**Data records**
——
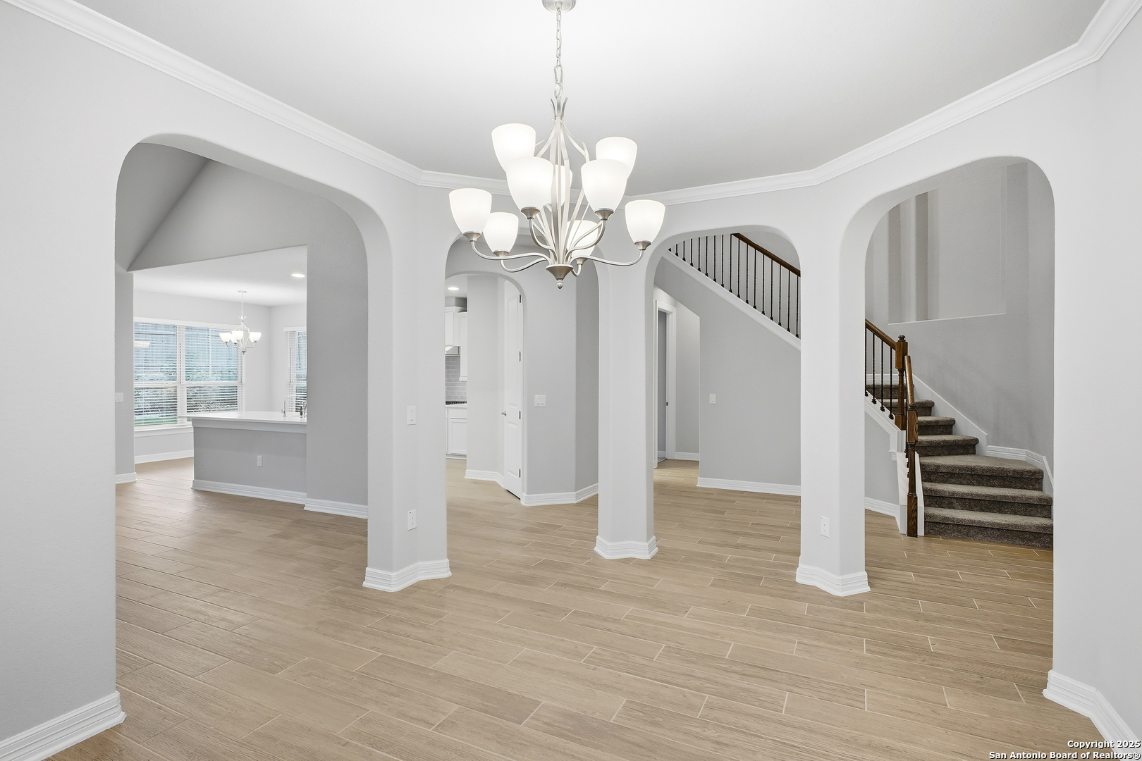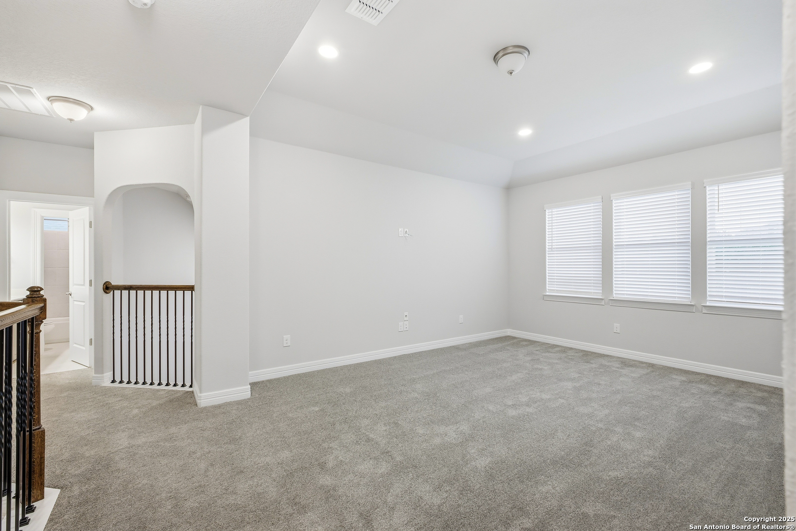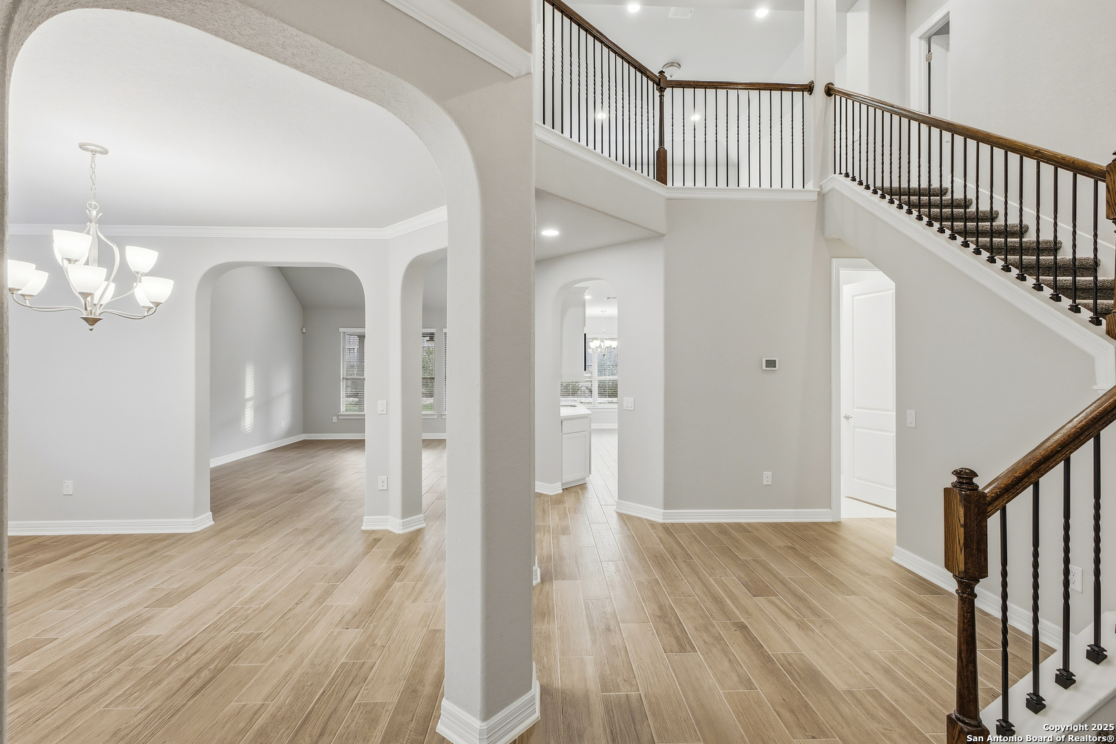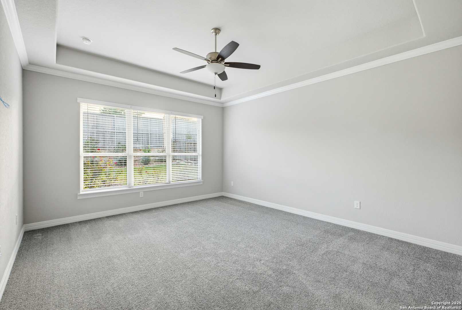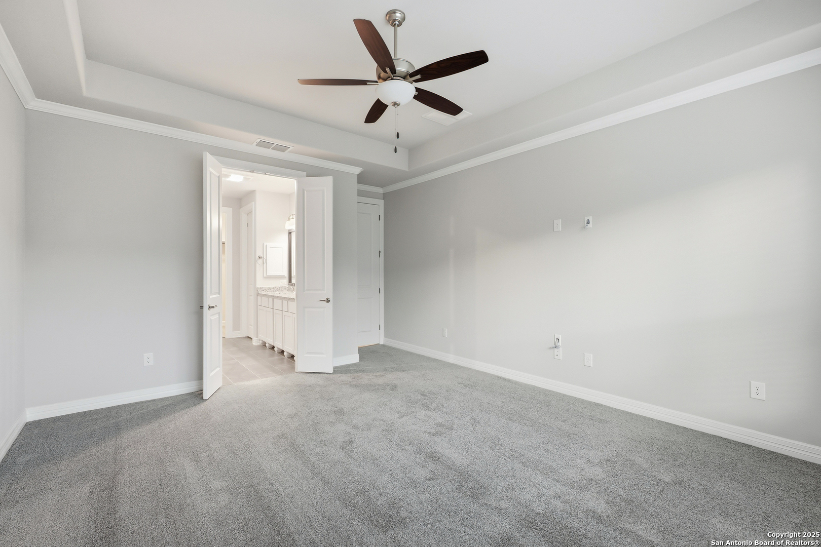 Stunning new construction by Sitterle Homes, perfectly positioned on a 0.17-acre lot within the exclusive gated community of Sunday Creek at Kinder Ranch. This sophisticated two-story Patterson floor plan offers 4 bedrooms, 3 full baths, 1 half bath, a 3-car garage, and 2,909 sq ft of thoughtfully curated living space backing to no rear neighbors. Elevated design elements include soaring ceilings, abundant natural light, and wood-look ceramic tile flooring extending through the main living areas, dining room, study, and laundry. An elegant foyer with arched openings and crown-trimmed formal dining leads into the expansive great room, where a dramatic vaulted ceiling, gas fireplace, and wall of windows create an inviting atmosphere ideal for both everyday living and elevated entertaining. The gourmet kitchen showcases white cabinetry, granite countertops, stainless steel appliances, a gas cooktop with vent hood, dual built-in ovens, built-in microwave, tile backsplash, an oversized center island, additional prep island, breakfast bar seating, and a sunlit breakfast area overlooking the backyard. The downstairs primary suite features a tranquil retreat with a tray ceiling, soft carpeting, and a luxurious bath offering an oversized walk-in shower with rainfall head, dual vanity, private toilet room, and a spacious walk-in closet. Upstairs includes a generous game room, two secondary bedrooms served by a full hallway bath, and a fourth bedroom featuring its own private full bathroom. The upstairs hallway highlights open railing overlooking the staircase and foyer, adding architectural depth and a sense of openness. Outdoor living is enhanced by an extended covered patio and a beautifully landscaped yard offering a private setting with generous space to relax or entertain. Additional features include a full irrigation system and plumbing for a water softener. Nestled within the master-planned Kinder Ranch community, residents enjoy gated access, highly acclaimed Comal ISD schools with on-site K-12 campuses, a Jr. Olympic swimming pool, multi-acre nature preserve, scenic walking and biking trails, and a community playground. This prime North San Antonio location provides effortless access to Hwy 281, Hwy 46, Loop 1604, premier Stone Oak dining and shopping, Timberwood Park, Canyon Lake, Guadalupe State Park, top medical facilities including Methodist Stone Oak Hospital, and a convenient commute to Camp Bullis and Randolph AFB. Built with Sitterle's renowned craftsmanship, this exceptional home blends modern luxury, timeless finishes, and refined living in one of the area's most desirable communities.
——
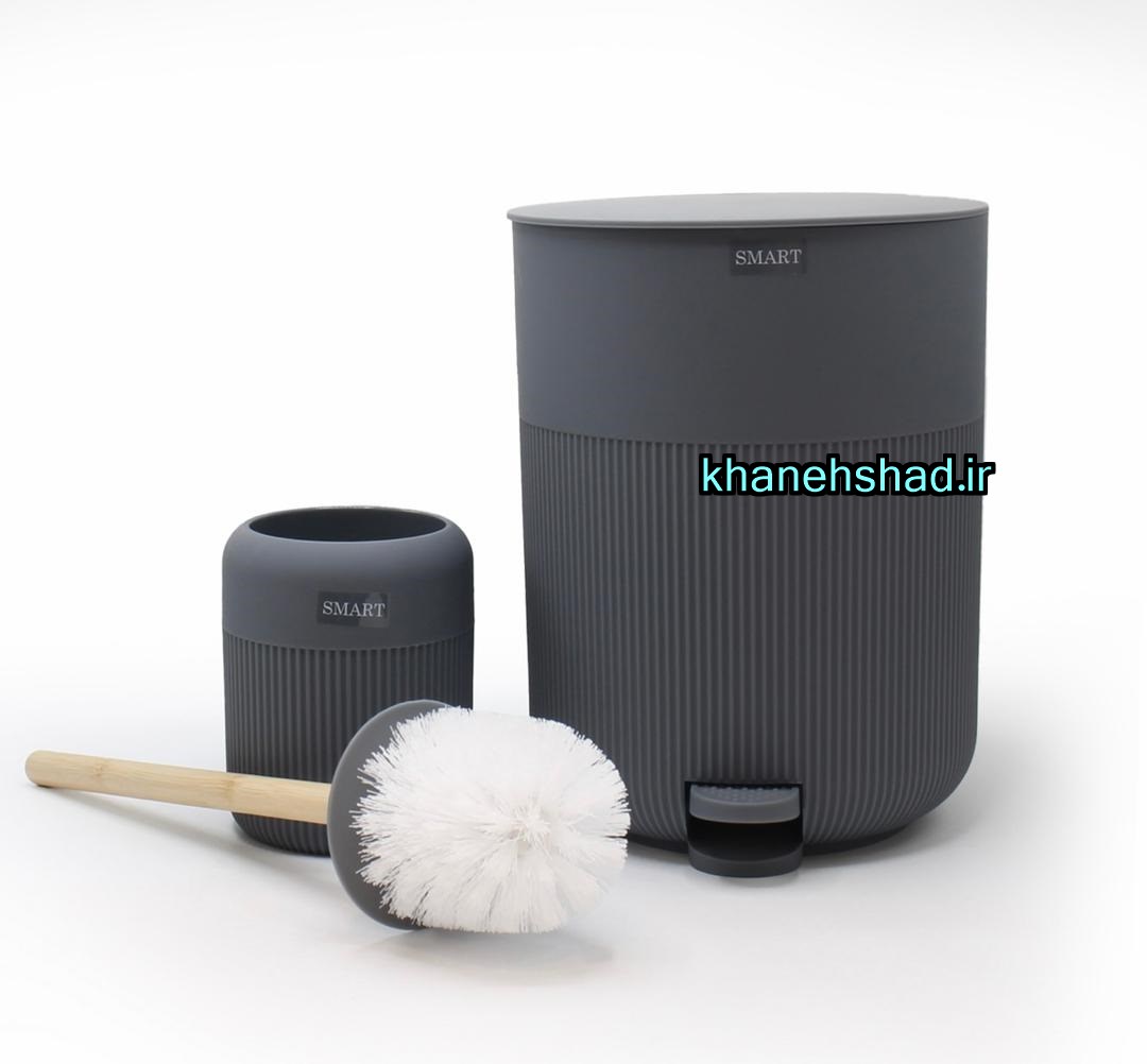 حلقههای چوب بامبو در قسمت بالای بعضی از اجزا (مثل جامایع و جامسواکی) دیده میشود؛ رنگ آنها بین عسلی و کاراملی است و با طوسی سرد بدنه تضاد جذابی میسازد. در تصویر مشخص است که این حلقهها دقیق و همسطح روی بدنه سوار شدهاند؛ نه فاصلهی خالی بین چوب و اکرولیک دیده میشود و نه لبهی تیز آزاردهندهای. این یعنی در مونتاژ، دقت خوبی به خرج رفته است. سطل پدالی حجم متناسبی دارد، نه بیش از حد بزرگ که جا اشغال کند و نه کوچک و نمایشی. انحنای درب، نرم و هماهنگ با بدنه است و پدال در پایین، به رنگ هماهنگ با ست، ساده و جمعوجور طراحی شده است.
——
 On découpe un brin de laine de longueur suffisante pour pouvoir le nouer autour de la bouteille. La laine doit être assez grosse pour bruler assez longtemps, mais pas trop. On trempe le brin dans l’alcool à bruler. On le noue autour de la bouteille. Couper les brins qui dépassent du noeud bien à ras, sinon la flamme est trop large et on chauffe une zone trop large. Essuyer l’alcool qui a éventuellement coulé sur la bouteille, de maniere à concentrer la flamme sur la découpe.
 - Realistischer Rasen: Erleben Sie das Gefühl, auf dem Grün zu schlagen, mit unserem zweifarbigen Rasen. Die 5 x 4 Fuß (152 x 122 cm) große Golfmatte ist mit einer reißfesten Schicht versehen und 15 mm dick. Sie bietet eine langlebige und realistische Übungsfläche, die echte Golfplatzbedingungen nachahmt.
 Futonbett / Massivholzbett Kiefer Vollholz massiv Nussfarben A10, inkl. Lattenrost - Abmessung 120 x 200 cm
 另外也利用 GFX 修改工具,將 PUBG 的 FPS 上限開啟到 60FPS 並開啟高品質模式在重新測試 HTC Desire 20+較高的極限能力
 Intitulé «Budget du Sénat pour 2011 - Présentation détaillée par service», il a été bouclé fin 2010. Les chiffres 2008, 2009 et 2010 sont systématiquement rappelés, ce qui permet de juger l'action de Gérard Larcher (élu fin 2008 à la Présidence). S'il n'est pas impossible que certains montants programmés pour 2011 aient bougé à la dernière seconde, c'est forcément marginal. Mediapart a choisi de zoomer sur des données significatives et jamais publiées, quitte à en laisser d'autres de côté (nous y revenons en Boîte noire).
——
**Task statement**
All lines above between those holding "- Realistischer Rasen: Erleben" and "另外也利用 GFX 修改工具,將", inclusive, must be set down unchanged, and no other line may be included.

**Task solution**
 - Realistischer Rasen: Erleben Sie das Gefühl, auf dem Grün zu schlagen, mit unserem zweifarbigen Rasen. Die 5 x 4 Fuß (152 x 122 cm) große Golfmatte ist mit einer reißfesten Schicht versehen und 15 mm dick. Sie bietet eine langlebige und realistische Übungsfläche, die echte Golfplatzbedingungen nachahmt.
 Futonbett / Massivholzbett Kiefer Vollholz massiv Nussfarben A10, inkl. Lattenrost - Abmessung 120 x 200 cm
 另外也利用 GFX 修改工具,將 PUBG 的 FPS 上限開啟到 60FPS 並開啟高品質模式在重新測試 HTC Desire 20+較高的極限能力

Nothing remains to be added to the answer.